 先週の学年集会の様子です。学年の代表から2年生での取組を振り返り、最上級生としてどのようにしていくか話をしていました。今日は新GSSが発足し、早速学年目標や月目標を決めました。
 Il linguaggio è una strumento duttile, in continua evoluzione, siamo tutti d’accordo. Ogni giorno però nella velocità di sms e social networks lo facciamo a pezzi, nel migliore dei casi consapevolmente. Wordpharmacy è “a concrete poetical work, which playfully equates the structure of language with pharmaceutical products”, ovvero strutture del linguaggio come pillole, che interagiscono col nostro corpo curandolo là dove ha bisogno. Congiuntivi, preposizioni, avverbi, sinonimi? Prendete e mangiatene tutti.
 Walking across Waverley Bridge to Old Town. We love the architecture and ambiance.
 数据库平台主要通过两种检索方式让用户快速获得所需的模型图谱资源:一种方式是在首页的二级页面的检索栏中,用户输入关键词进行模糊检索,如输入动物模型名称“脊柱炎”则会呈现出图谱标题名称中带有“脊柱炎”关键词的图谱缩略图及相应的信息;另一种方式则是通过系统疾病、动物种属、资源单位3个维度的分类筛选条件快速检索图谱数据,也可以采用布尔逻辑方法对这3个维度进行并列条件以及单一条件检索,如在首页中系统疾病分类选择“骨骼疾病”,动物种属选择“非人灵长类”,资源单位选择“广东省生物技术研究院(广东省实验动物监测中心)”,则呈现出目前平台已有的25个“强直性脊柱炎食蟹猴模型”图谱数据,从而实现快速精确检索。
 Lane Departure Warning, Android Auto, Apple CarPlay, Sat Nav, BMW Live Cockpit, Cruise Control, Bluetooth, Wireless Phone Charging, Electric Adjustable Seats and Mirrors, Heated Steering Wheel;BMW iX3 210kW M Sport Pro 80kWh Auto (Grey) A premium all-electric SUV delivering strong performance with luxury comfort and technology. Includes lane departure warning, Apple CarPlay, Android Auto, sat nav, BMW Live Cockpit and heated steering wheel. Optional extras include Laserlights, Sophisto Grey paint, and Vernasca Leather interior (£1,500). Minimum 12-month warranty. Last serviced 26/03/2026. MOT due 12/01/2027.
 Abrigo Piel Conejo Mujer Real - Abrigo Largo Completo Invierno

==

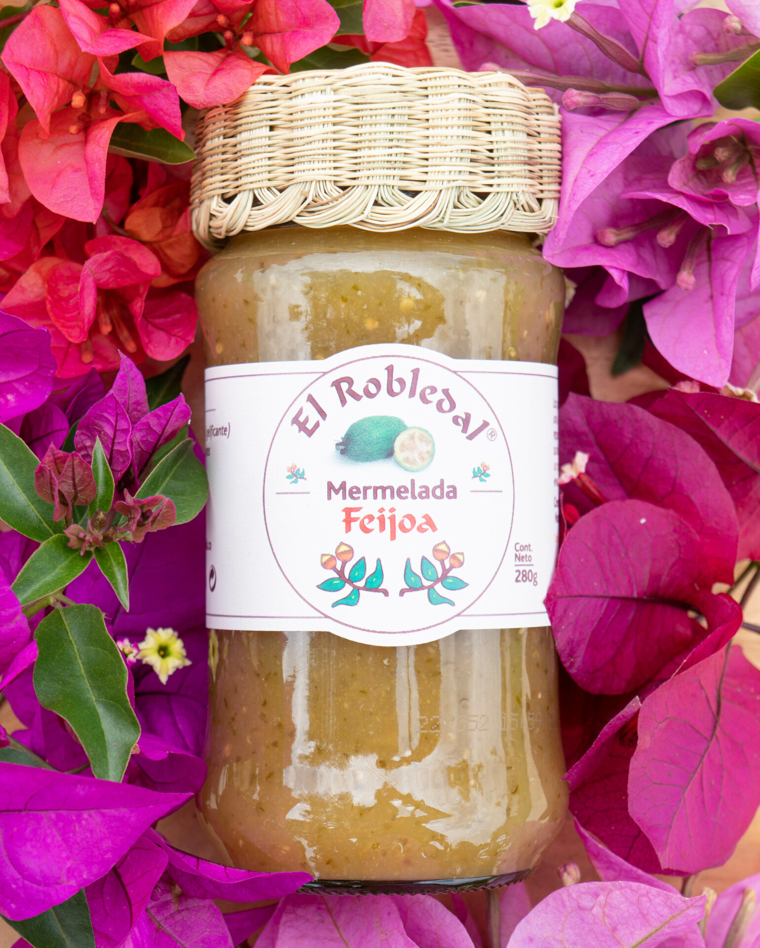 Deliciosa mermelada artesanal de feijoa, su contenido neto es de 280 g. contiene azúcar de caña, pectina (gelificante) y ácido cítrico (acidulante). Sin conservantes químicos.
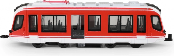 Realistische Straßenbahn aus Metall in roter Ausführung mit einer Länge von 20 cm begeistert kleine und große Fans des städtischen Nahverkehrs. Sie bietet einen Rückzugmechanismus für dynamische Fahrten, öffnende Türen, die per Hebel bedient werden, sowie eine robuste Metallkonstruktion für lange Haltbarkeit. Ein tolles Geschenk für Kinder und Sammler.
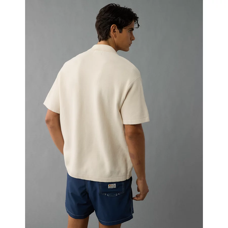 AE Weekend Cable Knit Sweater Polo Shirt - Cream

=== Activity ===
Retype word for word everything in the listing above from the line that holds "数据库平台主要通过两种检索方" down to the line that holds "Abrigo Piel Conejo". Keep both end lines and leave out the rest.

=== Answer to this problem ===
 数据库平台主要通过两种检索方式让用户快速获得所需的模型图谱资源:一种方式是在首页的二级页面的检索栏中,用户输入关键词进行模糊检索,如输入动物模型名称“脊柱炎”则会呈现出图谱标题名称中带有“脊柱炎”关键词的图谱缩略图及相应的信息;另一种方式则是通过系统疾病、动物种属、资源单位3个维度的分类筛选条件快速检索图谱数据,也可以采用布尔逻辑方法对这3个维度进行并列条件以及单一条件检索,如在首页中系统疾病分类选择“骨骼疾病”,动物种属选择“非人灵长类”,资源单位选择“广东省生物技术研究院(广东省实验动物监测中心)”,则呈现出目前平台已有的25个“强直性脊柱炎食蟹猴模型”图谱数据,从而实现快速精确检索。
 Lane Departure Warning, Android Auto, Apple CarPlay, Sat Nav, BMW Live Cockpit, Cruise Control, Bluetooth, Wireless Phone Charging, Electric Adjustable Seats and Mirrors, Heated Steering Wheel;BMW iX3 210kW M Sport Pro 80kWh Auto (Grey) A premium all-electric SUV delivering strong performance with luxury comfort and technology. Includes lane departure warning, Apple CarPlay, Android Auto, sat nav, BMW Live Cockpit and heated steering wheel. Optional extras include Laserlights, Sophisto Grey paint, and Vernasca Leather interior (£1,500). Minimum 12-month warranty. Last serviced 26/03/2026. MOT due 12/01/2027.
 Abrigo Piel Conejo Mujer Real - Abrigo Largo Completo Invierno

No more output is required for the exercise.